Или ехали на Дорогомиловский рынок — продавать знакомому барыге отличное зеленое сукно, которое выдавалось в Генштабе на индивидуальный пошив формы. Но это уже была операция посерьезней: выручка тянула на “Арагви” с приглашением друзей — Княжинского, Бойма, Горемыкина…

И вот ведь — Алёшку Габриловича во время войны крестил — по приказу его мамы Нины Яковлевны — коммунист, замполит полка Андрей Андреевич Вербенко. Полковник. А меня — всего лишь беспартийный капитан. Я Юру просил: ну, дослужись до майора, все-таки два “просвета”. Но он ни в какую. И не просто уволился из Советской армии — вырвал, выдрал себя из ее рядов еще до всеобщего развала.

И он, уже переводчик-синхронист, работающий на ООН в Женеве, посадил нас в свою машину — теперь это были “жигули” — и повез в Можайск. Меня крестить и нас с Ирой венчаться. С нами была сестра Оля. Они с Юркой держали над нами венцы.

Вера есть невыразимое чувство, но осознанное через мысль, которая говорит с тобой — внутри тебя — на твоем родном языке.

Кто поймет меня, тот поймет.

“Крещеный еврей — и в глазах евреев, и в глазах христиан — остается именно крещеным евреем. Предателем, добровольно сделавшим это то ли ради благ, то ли по глупости…”
Интернет. Глобальный еврейский онлайн-центр

В глазах евреев, в глазах христиан… Слова, слова! Главное все-таки — кем быть в глазах Бога.

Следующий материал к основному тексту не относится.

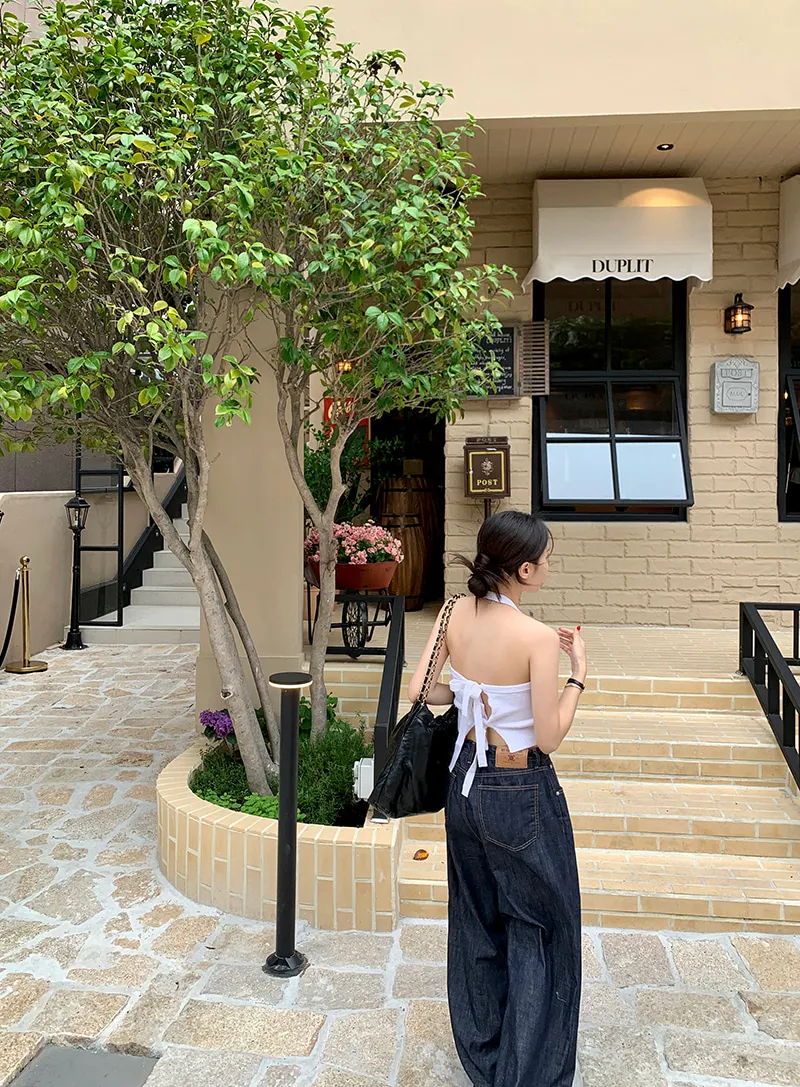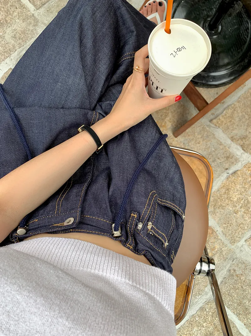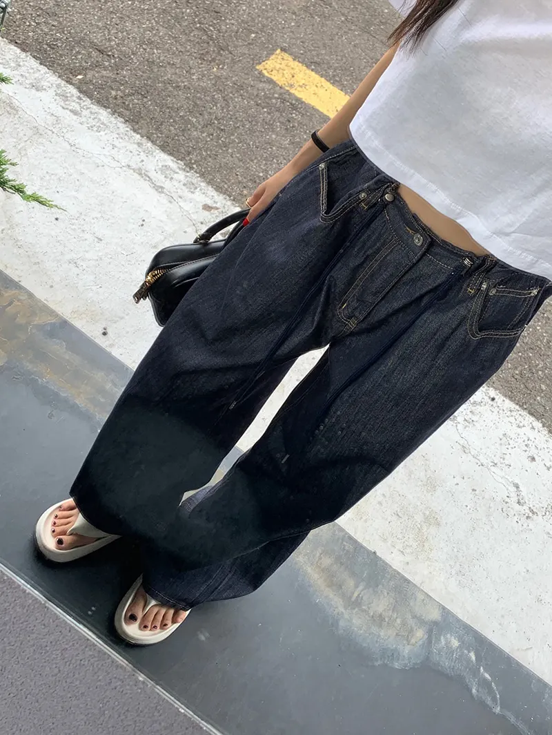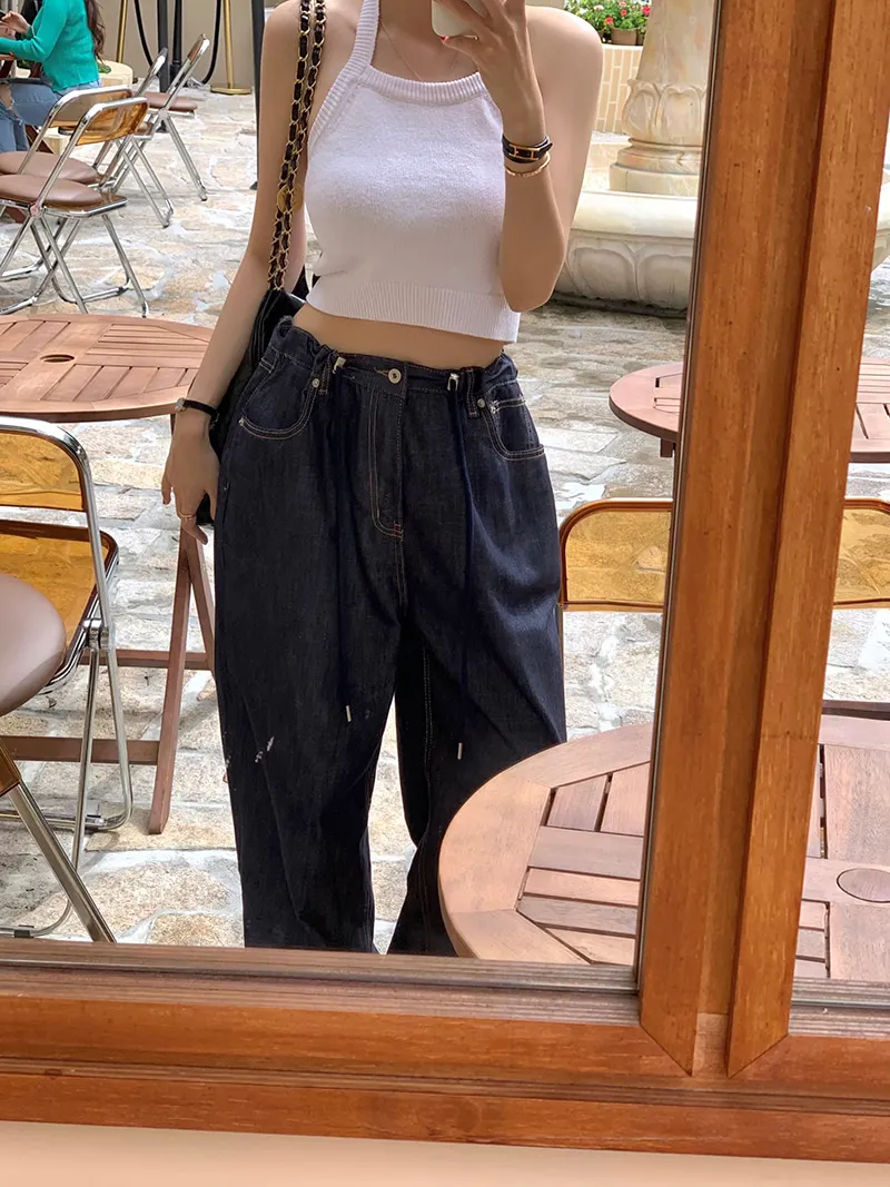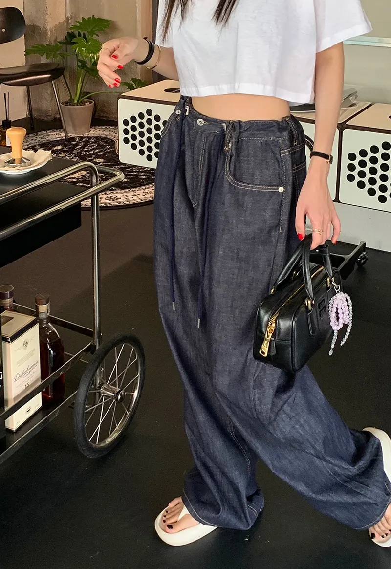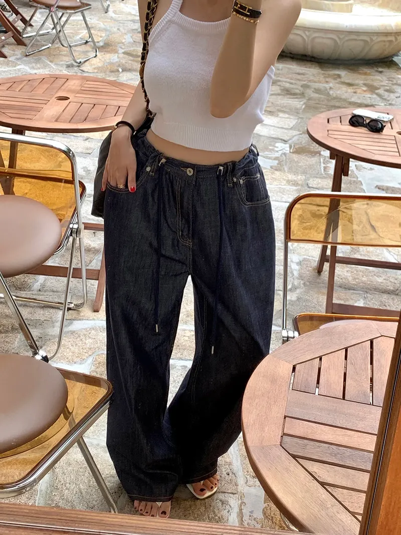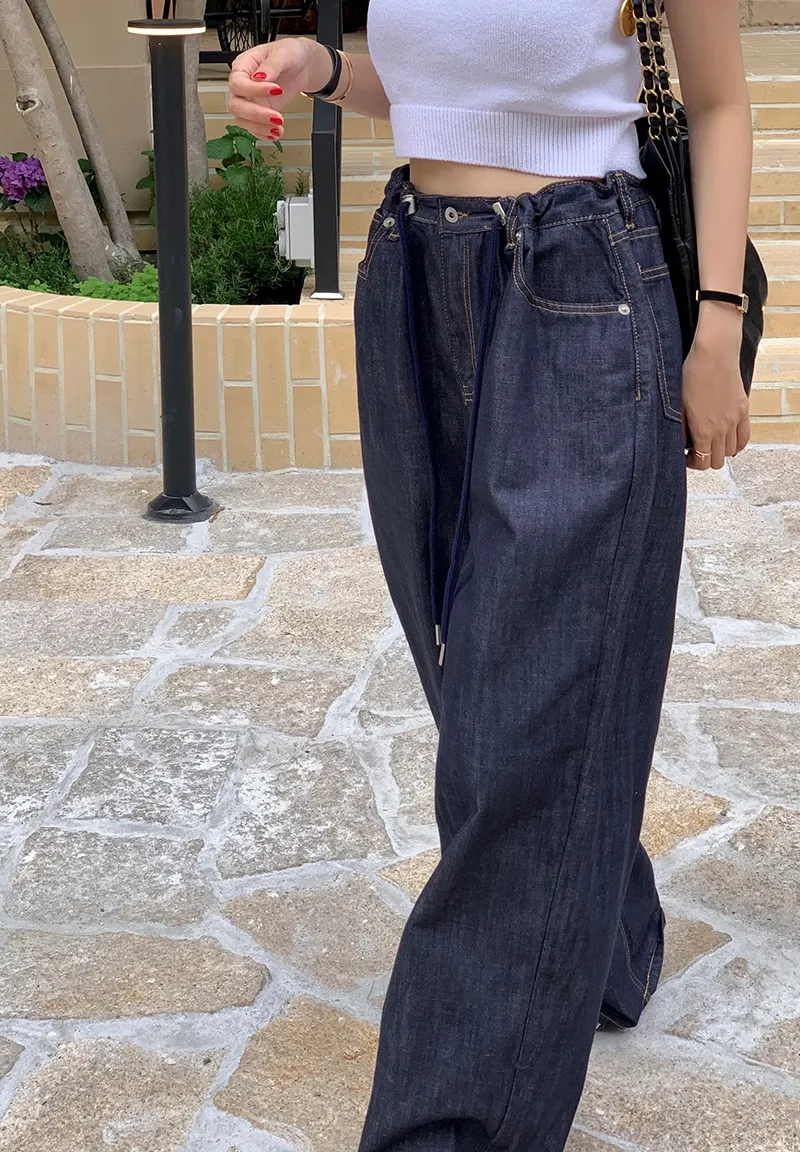 Equipped with a versatile drawstring, these jeans offer a customizable fit, ensuring comfort and style.

Креститься ради благ? В советское-то время? В партию вступали ради благ, это да. А креститься? Тайно, как я и другие. По знакомству. Иначе запишут “в книгу”, а потом сдадут сведения в КГБ.

Да и глупцов среди “выкрестов” — ненавижу это слово — особенно не было. Все-таки чаще это был результат умственной работы, а не только чувств.

У многих это было обдуманное решение. Или искренний порыв. А у меня?

Сначала меня крестил русский язык, потом моя любовь, желание быть вместе с ней во всем. И наконец, настоятель бедной церкви на окраине Можайска. Фронтовик, отец Борис. Через несколько лет его убьют бандиты, грабившие бедную церковь.

“Еврей-христианин не только не перестает быть евреем, но еще глубже начинает понимать смысл духовного призвания своего народа”.
О. Александр Мень

— Хирургия, завтракать!

Старуха-нянька идет по коридору, сзывает всех зычным голосом. Она всегда задерживается в нашей палате, чтобы поговорить со стариком-дирижером. С гордостью вспоминает, как в тридцатых гуляли — она и подруга — с двумя партийными и отказались выйти за них замуж по любви, потому что те не захотели венчаться.

Я завтракать не иду. Я уже снят с довольствия. Операции не будет, слава богу. Мои операции еще впереди.

Наброски из ненаписанного романа

Неспокойно было на улицах Эльсинора. Слухи ходили — Фортинбрас с войском на подступах. По дороге то ли в Польшу, то ли в Грузию. А тут еще и траурные флаги повсюду поразвесили, плещутся на ветру. И многие искренне и горько плачут и рыдают, хоть и не имеют понятия, по кому траур.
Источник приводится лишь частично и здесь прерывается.